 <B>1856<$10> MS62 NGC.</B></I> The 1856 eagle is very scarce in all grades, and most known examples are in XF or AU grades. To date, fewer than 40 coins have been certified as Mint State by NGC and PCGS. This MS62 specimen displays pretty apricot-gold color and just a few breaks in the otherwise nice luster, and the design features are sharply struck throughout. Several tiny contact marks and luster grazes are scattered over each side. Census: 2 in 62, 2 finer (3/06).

...

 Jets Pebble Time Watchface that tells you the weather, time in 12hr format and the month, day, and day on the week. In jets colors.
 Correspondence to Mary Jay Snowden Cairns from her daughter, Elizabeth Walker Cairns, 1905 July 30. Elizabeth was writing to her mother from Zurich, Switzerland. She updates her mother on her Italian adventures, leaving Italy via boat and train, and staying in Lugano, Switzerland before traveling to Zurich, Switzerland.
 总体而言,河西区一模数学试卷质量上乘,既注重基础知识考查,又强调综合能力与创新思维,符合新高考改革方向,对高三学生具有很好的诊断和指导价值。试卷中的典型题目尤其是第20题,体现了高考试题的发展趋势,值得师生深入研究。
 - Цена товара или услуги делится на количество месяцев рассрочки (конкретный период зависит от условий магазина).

■ **REQUIRED ACTION**: Set down, from the entries above, exactly the lines from the one with "总体而言,河西区一模数学试卷" up to and including the one with "- Цена товара", and no other lines.

■ **YOUR RESPONSE**:
 总体而言,河西区一模数学试卷质量上乘,既注重基础知识考查,又强调综合能力与创新思维,符合新高考改革方向,对高三学生具有很好的诊断和指导价值。试卷中的典型题目尤其是第20题,体现了高考试题的发展趋势,值得师生深入研究。
 - Цена товара или услуги делится на количество месяцев рассрочки (конкретный период зависит от условий магазина).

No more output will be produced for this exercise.